The Mourning of Joy

Jes Lyn Tan

There are things that you cannot capture no matter how hard you try. Time, that flows through like a breeze past your fingertips. People, that you love and rely on. A particular ray of sunlight that hits the edge of a building. The rainbow after a storm. Smiles.

Their fragile, fleeting existence is what makes something all the more precious.

There are bad days when you’re utterly convinced you are abandoned by the world. I think the unseen is what tries to hide from you on bad days. It’s the sunlight peeking through the crack in the door, flowers waving in the wind, loving words from your family. It’s what you try to grasp on to like a lifeline, and that you tell yourself you will be able to see with a set of different eyes the next day you wake up.

If anything, the photos convey the sense of loss as you gain something, the expectation and fear of things leaving you. It’s the pessimist’s dream that comes accompanied with a nightmare, where you know at the second of utter happiness that your tears of joy shall be of sadness tomorrow.

The photos portray the ups and downs in a rollercoaster of emotions, which sometimes, somehow, coexist. It’s the mourning of losses before you lose it. The flowers are blooming, yet I shall leave them in a minute; laughter surrounds me, yet it shall fade into silence. I cannot capture joy, and I cannot see it when it decides to leave me.

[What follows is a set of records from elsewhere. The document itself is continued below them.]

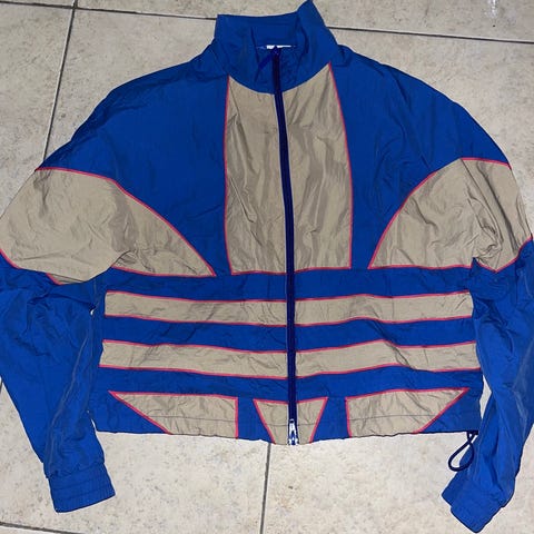Adidas jacka i storlek M, tillverkad i polyester. Jackan är grön och avsedd för utomhusbruk. Fickor med dragkedja, 2 innerfickor. Aldrig använd.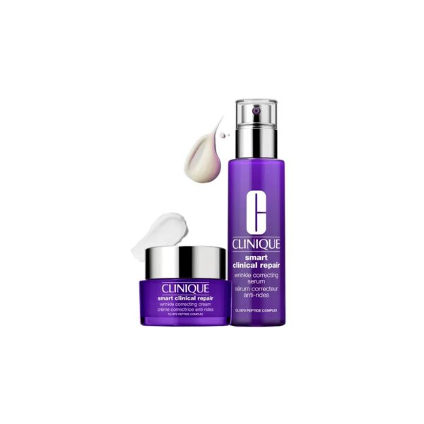Dos de nuestras mejores fórmulas para combatir la apariencia de líneas y arrugas. - Suero corrector de arrugas Clinique Smart Clinical Repair de tamaño completo, 1,7 oz/50 ml - Crema correctora de arrugas Clinique Smart Clinical Repair de tamaño completo, 1,7 oz/50 ml ¿Qué es? Un dúo antienvejecimiento con un potente suero y un humectante que combate las arrugas para una piel más suave y de aspecto más joven. ¿Qué hace? • Estos dos expertos en antienvejecimiento superan la apariencia de líneas y arrugas con la ayuda de potentes ingredientes que incluyen péptidos fortificantes y ácido hialurónico. • Clinique Smart Clinical Repair Wrinkle Correcting Serum, con la ayuda de un retinoide avanzado, fortalece y rejuvenece la piel para reducir la apariencia de líneas y arrugas. Lo suficientemente suave como para usarlo dos veces al día. • Clinique Smart Clinical Repair Wrinkle Correcting Cream reduce visiblemente las arrugas a medida que hidrata.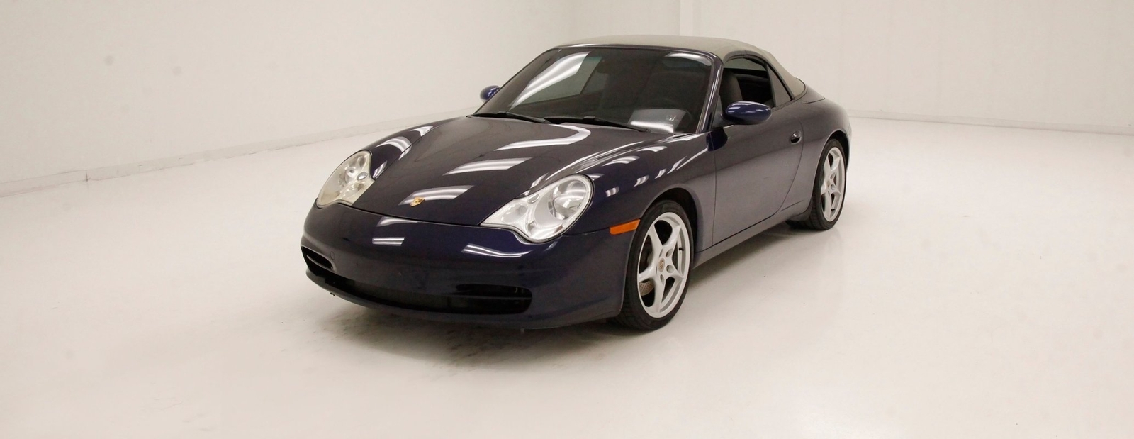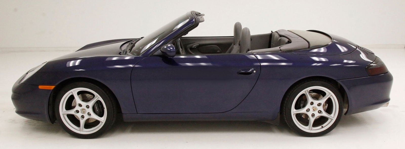 For your consideration, a very special Porsche Carrera Cabriolet, 996 V2 pampered, but not afraid to be driven daily commuter or track day superstar and yes it goes like hell! Gorgeous Graphite Gray interior full leather jackets, a Midnight Blue Metallic exterior and the drop topper, and life is very good for a great value, you can be in the seat of a 911.

The composition is set so that nothing is directly responsive to the viewer, there are elements that bring joy; friends, sunlight, flowers, a scene in a beautiful gallery, yet there is no response from the world to the one looking. The image of friends is taken from the back with a sense of distance from the viewer, which along with the image of sunflowers through the door is adjusted to show a lower angle, as if the viewer’s head is lowered by their emotions. The image of an art gallery is like standing in a crowd where not even the figures in the painting respond to the viewer. An underlying sense of loneliness and helplessness is thus created within an environment that should have been joyful.